DW in the cloud, in contrast to on­-premise, is tailored for organizations not willing (or no longer) to run their own expensive, risky and over-­budget DW platforms. It mitigates risk and lower expenses by offering p​ay-per­-use ​cost model common to cloud computing and SaaS.

But I believe it will also lead to the emergence of DataPlatform Franchising, a logical step for Cloud computing and Analytics.

Cloud Computing

In recent years, ​cloud computing​ has increased both in scope and popularity to reach nearly ubiquity. It started off with simple needs like storage space and infra (IaaS), subsequently evolved into more advanced offers like computing resource with OS (letting user run their own software as in ​PaaS)​ and has finally moved up the abstraction ladder with complete solution and service stacks offered (ex offering full CRM suite as ​SaaS​).

In the realm of ​Business Intelligence​ and Data Warehousing, this trend did not pick up so rapidly (political and security worries) but things are quickly catching up with recent offering like RedShift from Amazon, Azure SQL Data Warehouse from Microsoft and Elastic Data Warehouse from Snowflake. I believe this will grow a lot more, the simplest and quickest reason: cost! Doing Business Intelligence and data warehousing projects with on­-premise platform is an expensive adventure!

Data Deluge

We have apparently entered a data-centric era where decision taking will be data-driven! Meanwhile, in recent years we have seen the emergence of new source of data originating from social media, connected device, Internet of Thing, machine-generated log, etc. This phenomenon qualified as ​data deluge has not only created its own buzzwords (​Big Data​, ​NoSQL​, ​Data Science​, ​Predictive Analytics​, ..), but clearly been disruptive in terms of data type (semi­structured and unstructured), volume and velocity. They have also challenged the relevance and adaptability of traditional BI solutions designed around data generated from OLTP (operational system)​ implying structured data type and manageable data volume.

New Tools

Data deluge phenomenon has resulted in an equivalent tools deluge. The number of tools for doing data analytics is increasing at an unprecedented rate (even a curated list is too long), yet analytical project's challenges are rarely about technologies and algorithms but more about what is happening before data crunching can start!

The introduction of new tools is increasing BI environment complexity, requiring more than ever formal and proper architecture blueprint and principles. Otherwise entire BI platform integrity is jeopardized causing on­-premise TCO to increase even more. The solution to that is to rely on Cloud solution provider to provide solid architecture expertise and to offer new cost model with no initial cost investment.
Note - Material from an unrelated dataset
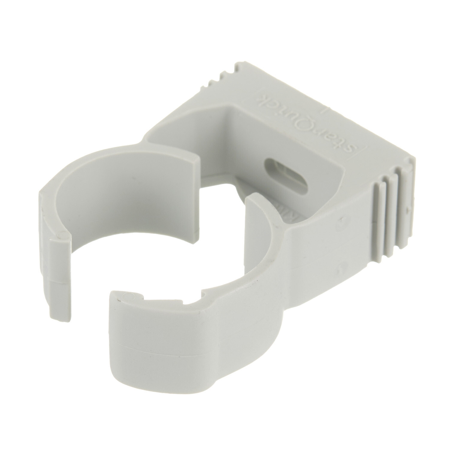 Хомут закрывается при нажатии на трубу, запатентованные боковые ребра позволяют монтировать два и более хомутов друг с другом до DN25.

Both the industry and open source communities were quick to devise new tools taking ideas from Google’s scalability architecture (​commodity​ ​hardware​ and ​map reduce​ paradigm). But these tools, loosely grouped under 'NoSQL'​, focus mostly on how to handle the sheer data volume and velocity or burst rate. And no matter how good they are at handling the ​xV's​ of big data, they fall short in meeting the most important aspect of any BI analytics solution: the ​Data integration​ bit!
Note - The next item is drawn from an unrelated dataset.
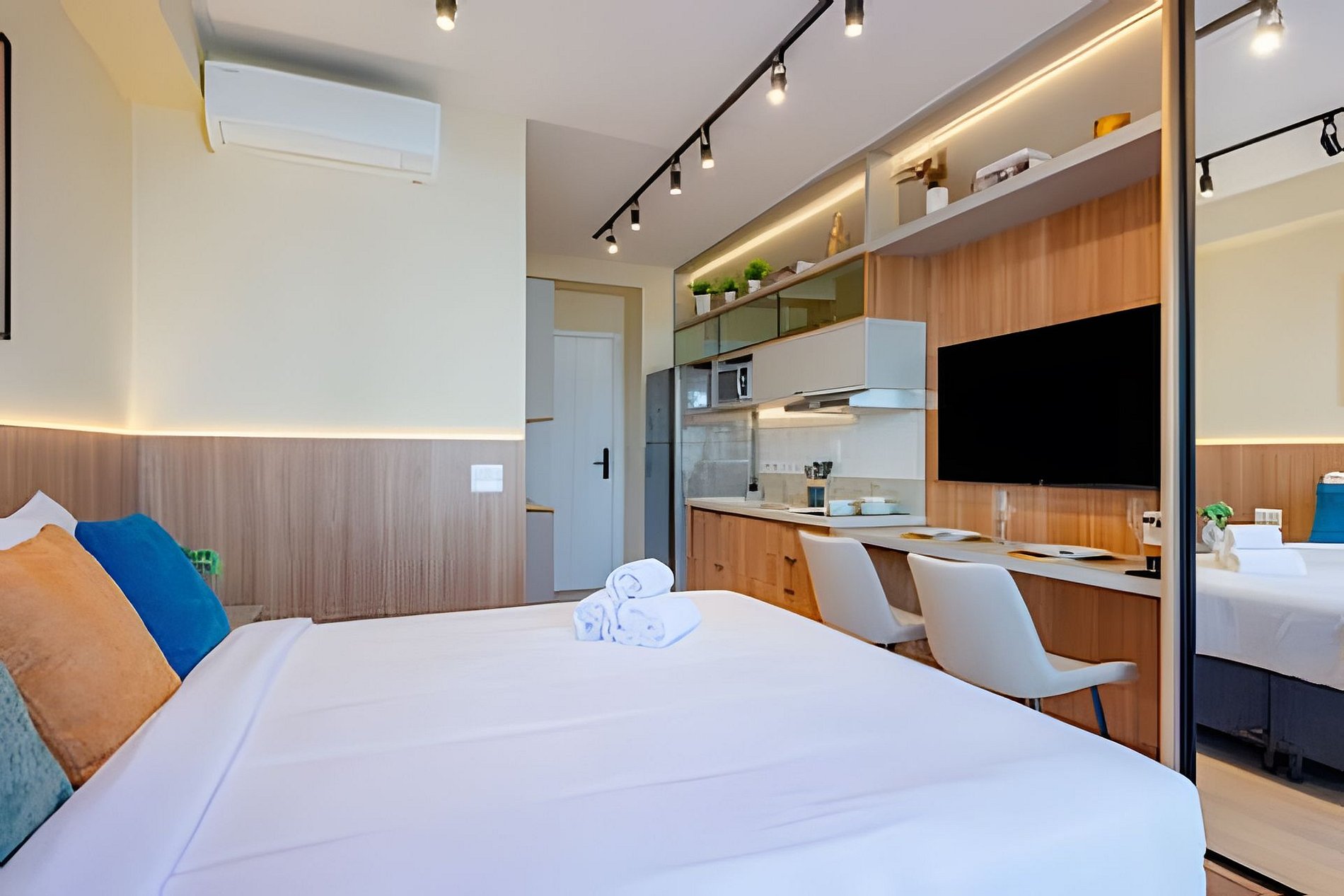 Apartamento completo com localização única, perfeito para terem uma excelente estadia sozinho, em casal ou amigos. Todos os detalhes pensados para seu conforto, segurança e aconchego. Chegue com as malas e se sinta em casa. Sobre o apartamento: -Cama Queen; -Internet Wi-fi 500 MB; -Cama/banho linha hoteleira inclusas; -Ar-condicionado 12.000; -Smart TV 50"; -Mesa para trabalho e refeições para 2 pessoas; -Cozinha completa com todos os utensílios necessários; Sobre o condomínio: -Portaria 24 horas; -Academia; -Lavanderia; -Piscina; -Pet Place; -Co-working; -Estacionamento ao lado; -Anfitrião a disposição 24/7.

Data Integration and Preparation

Anyone today is seeking to extract useful information from raw data in order to gain knowledge and make better and informed decision (i.e. data­-driven decision). No matter how valuable your data asset is, there will be many shortcomings if kept in raw format.

Data preparation implies applying some rules/checks to this raw data to standardize and harmonize it across all sources. It includes many time-consuming steps:

  • Data source identification and analysis
  • Data Quality assessment, profiling and audit
  • Data modeling and semantic definition
  • Data transformation and rules specification
  • Data integration process (enforcing harmonization, standardization and conformance throughout sources)
  • Development and test of etl/pipeline jobs
  • Operating, maintaining and evolving these jobs
  • Data profiling and job monitoring

Data preparation and integration, when done correctly and integration leads to "desired" qualities, i.e. the five C's of data (see Rick Sherman BI guidebook):

  1. Clean (dirty and missing data treated)
  2. Consistent (knowing which version of data is right)
  3. Conform (data comparable across all sources)
  4. Current (data latency adapted to needs and context)
  5. Comprehensive (integrating many sources)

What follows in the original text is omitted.